On Tue, Jul 21, 2020 at 1:17 AM Robert Haas <robertmh...@gmail.com> wrote:
>
> On Tue, Jul 7, 2020 at 12:55 PM Andres Freund <and...@anarazel.de> wrote:
> > What are you proposing? For now we could easily enough work around this
> > by just making it a on_proc_exit() callback, but that doesn't really
> > change the fundamental issue imo.
>
> I think it would be more correct for it to be an on_proc_exit()
> callback, because before_shmem_exit() callbacks can and do perform
> actions which rely on an awful lot of the system being still in a
> working state. RemoveTempRelationsCallback() is a good example: it
> thinks it can start and end transactions and make a bunch of catalog
> changes. I don't know that any of that could use JIT, but moving the
> JIT cleanup to the on_shmem_exit() stage seems better. At that point,
> there shouldn't be anybody doing anything that relies on being able to
> perform logical changes to the database; we're just shutting down
> low-level subsystems at that point, and thus presumably not doing
> anything that could possibly need JIT.
>

I looked at what actually llvm_shutdown() does? It frees up JIT stacks,
also if exists perf related resource, using LLVMOrcDisposeInstance() and
LLVMOrcUnregisterPerf(), that were dynamically allocated in
llvm_session_initialize through a JIT library function
LLVMOrcCreateInstance() [1].

It looks like there is no problem in moving llvm_shutdown to either
on_shmem_exit() or on_proc_exit().

[1] - https://llvm.org/doxygen/OrcCBindings_8cpp_source.html

>
> But I also agree that what pg_start_backup() was doing before v13 was
> wrong; that's why I committed
> 303640199d0436c5e7acdf50b837a027b5726594. The only reason I didn't
> back-patch it is because the consequences are so minor I didn't think
> it was worth worrying about. We could, though. I'd be somewhat
> inclined to both do that and also change LLVM to use on_proc_exit() in
> master, but I don't feel super-strongly about it.
>

Patch: v1-0001-Move-llvm_shutdown-to-on_proc_exit-list-from-befo.patch
Moved llvm_shutdown to on_proc_exit() call back list. Request to consider
this change for master, if possible <=13 versions. Basic JIT use cases and
regression tests are working fine with the patch.

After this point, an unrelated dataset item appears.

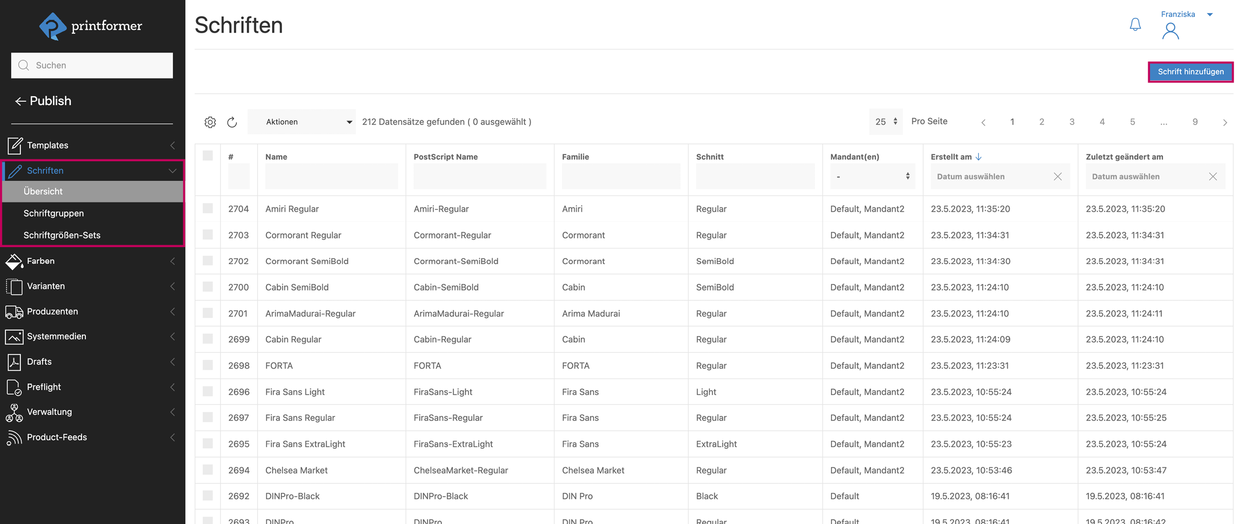 Unter dem Menüpunkt Schriften findet die Verwaltung der Schriftarten statt. In einer Übersicht werden alle vorhandenen Schriftarten tabellarisch aufgelistet.

Patches: PG11-0001-Fix-minor-problems-with-non-exclusive-backup-clea.patch
and PG12-0001-Fix-minor-problems-with-non-exclusive-backup-cleanup.patch
Request to consider the commit
303640199d0436c5e7acdf50b837a027b5726594(above two patches are for this
commit) to versions < 13, to fix the abort issue. Please note that the
above two patches have no difference in the code, just I made it applicable
on PG11.

Patch: v1-0001-Modify-cancel_before_shmem_exit-comments.patch
This patch, modifies cancel_before_shmem_exit() function comment to reflect
the safe usage of before_shmem_exit_list callback mechanism and also
removes the point "For simplicity, only the latest entry can be
removed*********" as this gives a meaning that there is still scope for
improvement in cancel_before_shmem_exit() search mechanism.

With Regards,
Bharath Rupireddy.
EnterpriseDB: http://www.enterprisedb.com
From 5fae4b3a046789fb7b54e689c979b01cb322aaf9 Mon Sep 17 00:00:00 2001
From: Bharath Rupireddy <bharath.rupireddy@enterprisedb.com>
Date: Thu, 23 Jul 2020 17:56:21 +0530
Subject: [PATCH v1] Move llvm_shutdown to on_proc_exit list from
 before_shmem_exit.

llvm_shutdown frees up dynamically allocated memory for jit
compilers in a session/backend. Having this as on_proc_exit doesn't
cause any harm.
---
 src/backend/jit/llvm/llvmjit.c | 2 +-
 1 file changed, 1 insertion(+), 1 deletion(-)

diff --git a/src/backend/jit/llvm/llvmjit.c b/src/backend/jit/llvm/llvmjit.c
index af8b34aaaf..43bed78a52 100644
--- a/src/backend/jit/llvm/llvmjit.c
+++ b/src/backend/jit/llvm/llvmjit.c
@@ -683,7 +683,7 @@ llvm_session_initialize(void)
 	}
 #endif
 
-	before_shmem_exit(llvm_shutdown, 0);
+	on_proc_exit(llvm_shutdown, 0);
 
 	llvm_session_initialized = true;
 
-- 
2.25.1

From 3b0a048afd7ad6d8564a54d13397c72f6eadc5da Mon Sep 17 00:00:00 2001
From: Bharath Rupireddy <bharath.rupireddy@enterprisedb.com>
Date: Fri, 24 Jul 2020 08:55:52 +0530
Subject: [PATCH v5] Fix minor problems with non-exclusive backup cleanup.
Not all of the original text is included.